### What is being asked
Set down the line containing "When the etiology" and each line after it through the last line of the records, exactly, leaving pictures out.

### Recorded data
:::
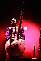 Sona was born into griot ‘royalty’ being the grand-daughter of Amadu Bansang Jobarteh and a cousin of Toumani Diabate - amongst many other famous West African griots. Versed in both traditional and classical African music styles (on the kora - the African harp) and Western Classical (cello, piano and harpsichord via the RCM and the Purcell School) as well as guitar and jazz and film music, Sona is an all-round musician of outstanding skill - and that’s leaving aside the fact that she’s one of only a handful of female kora players. She’s a woman of stature. She’s also - and I hope her husband doesn’t mind me saying this - very beautiful. Sona came on stage, heavily pregnant and gorgeously resplendent in a purple and silver outfit with two koras and a guitar. Her fabulous band consisted of a kit-drummer, a percussionist (djembe, dun-duns and a rather interesting sounding metal scraper), electric guitar, acoustic guitar, bass and two backing singers (in blue and silver outfits).
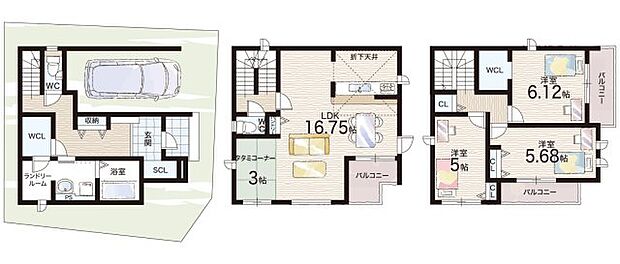 | 間取り | 3LDK+S(納戸) | 建物階 | 木造 地上3階建て |
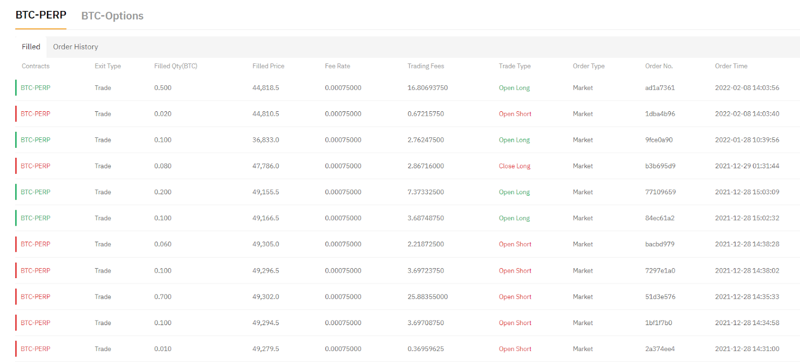另外,您可以在持倉區查看您的訂單詳情,其中包括您的倉位概覽,倉位,活動單,條件單,已成交訂單以及訂單歷史。
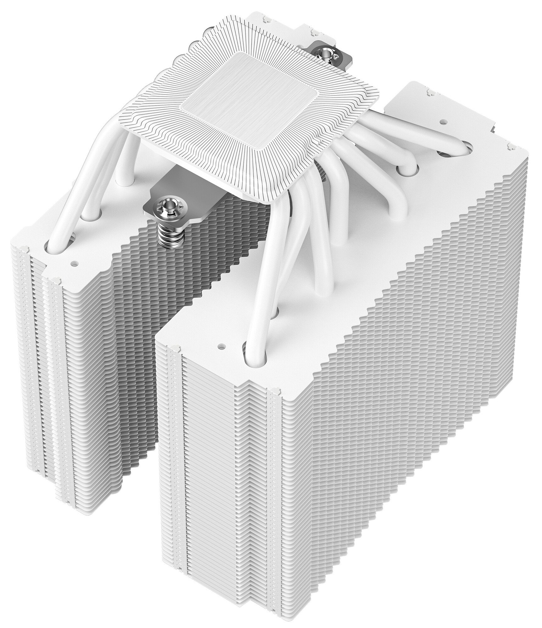 Аккуратный и стильный корпус ASSASSIN VC ELITE WH точно направляет поток воздуха через пластины радиаторных башен, а передвижной вентилятор диаметром 120 мм позволяет беспрепятственно установить высокие модули оперативной памяти с RGB-подсветкой.
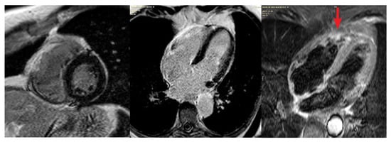 When the etiology is still unclear, CMR represents a fundamental investigation. Late gadolinium enhancement (LGE) in the subendocardium suggests myocardial ischemia, subepicardial LGE distribution may indicate myocarditis, the absence of LGE is associated with oedema and typical wall motion abnormalities are pathognomonic for a Takotsubo syndrome. Moreover, a CMR can identify other causes of sudden cardiac arrest, like arrhythmogenic cardiomyopathy or cardiac sarcoidosis [8].
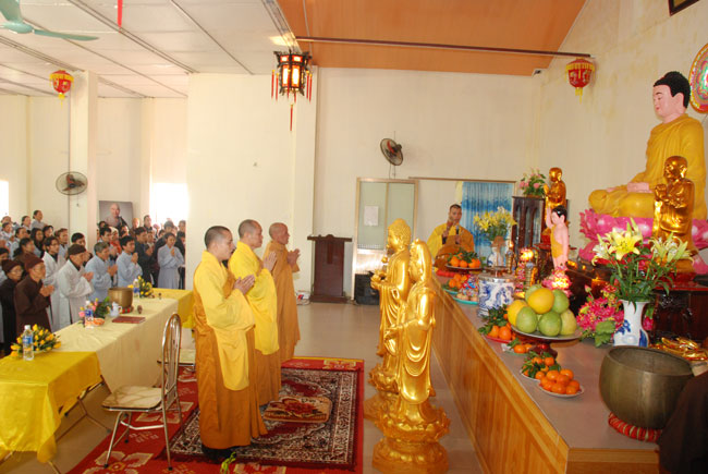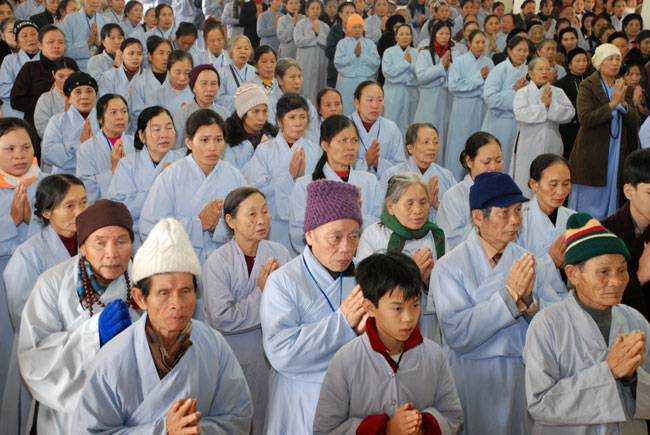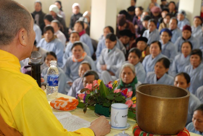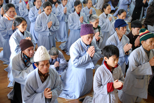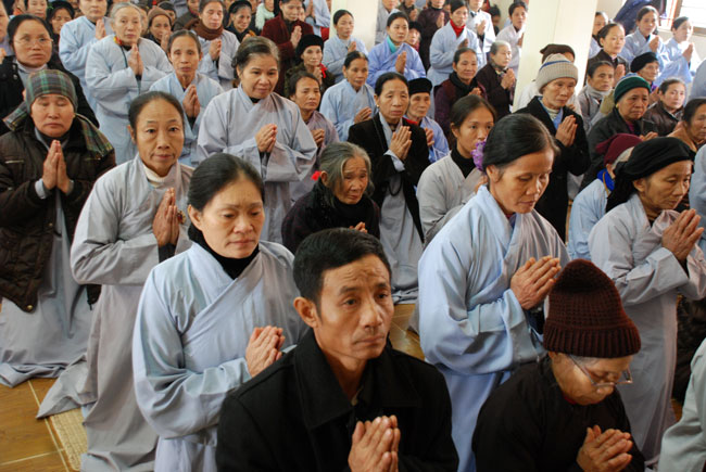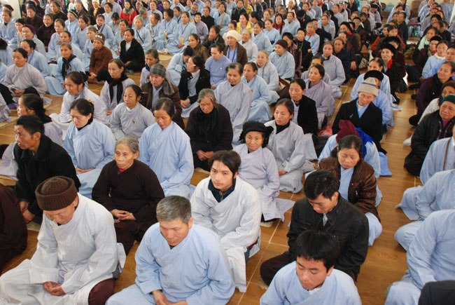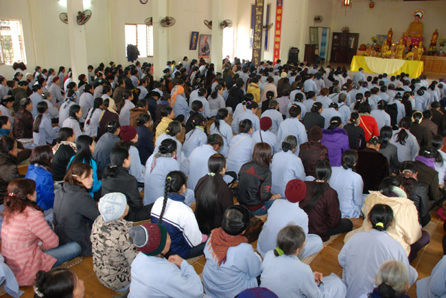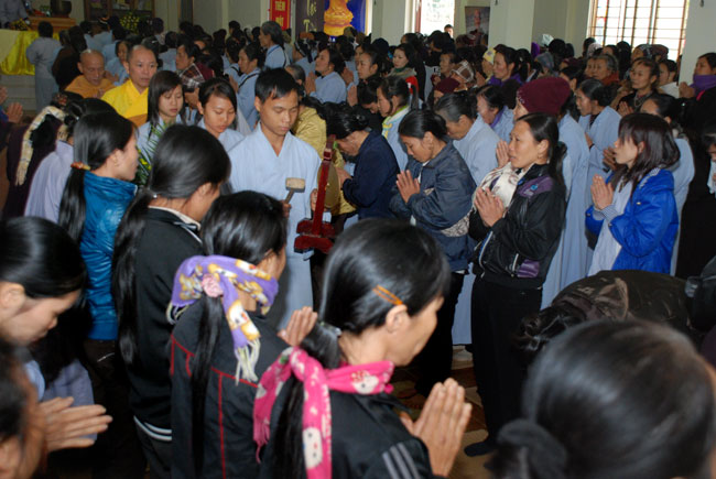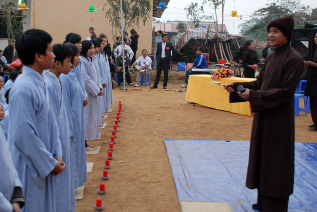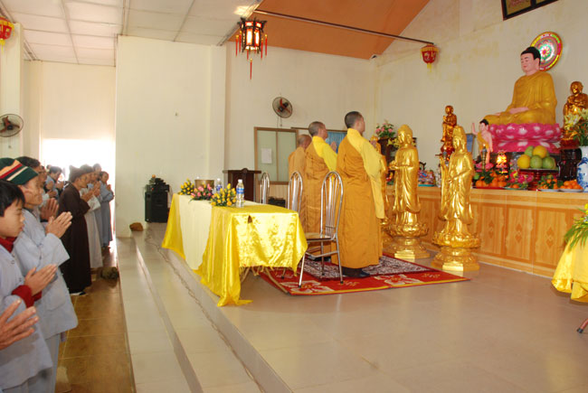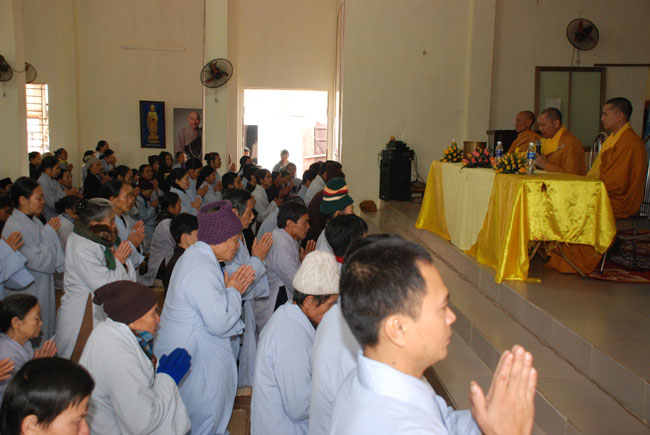 Hôm nay cũng là ngày tu niệm Phật được tổ chức định kỳ hàng tháng. Buổi sáng, chùa tổ chức lễ truyền thọ Tam quy ngũ giới. Trước khi vào buổi lễ, Thượng tọa Thích Chân Tính đã giải thích rất kỹ về ý nghĩa tam quy và ngũ giới, đồng thời lặp đi lặp lại nhiều lần để giới tử thuộc lòng. Sau phần truyền thọ quy giới Thượng tọa còn hướng dẫn oai nghi cần thiết của người Phật tử. Kết thúc buổi lễ quy y ai cũng hiểu rõ mục đích ý nghĩa quy y Tam bảo và 5 giới cấm.
:::
### Exercise output
 When the etiology is still unclear, CMR represents a fundamental investigation. Late gadolinium enhancement (LGE) in the subendocardium suggests myocardial ischemia, subepicardial LGE distribution may indicate myocarditis, the absence of LGE is associated with oedema and typical wall motion abnormalities are pathognomonic for a Takotsubo syndrome. Moreover, a CMR can identify other causes of sudden cardiac arrest, like arrhythmogenic cardiomyopathy or cardiac sarcoidosis [8].
 Hôm nay cũng là ngày tu niệm Phật được tổ chức định kỳ hàng tháng. Buổi sáng, chùa tổ chức lễ truyền thọ Tam quy ngũ giới. Trước khi vào buổi lễ, Thượng tọa Thích Chân Tính đã giải thích rất kỹ về ý nghĩa tam quy và ngũ giới, đồng thời lặp đi lặp lại nhiều lần để giới tử thuộc lòng. Sau phần truyền thọ quy giới Thượng tọa còn hướng dẫn oai nghi cần thiết của người Phật tử. Kết thúc buổi lễ quy y ai cũng hiểu rõ mục đích ý nghĩa quy y Tam bảo và 5 giới cấm.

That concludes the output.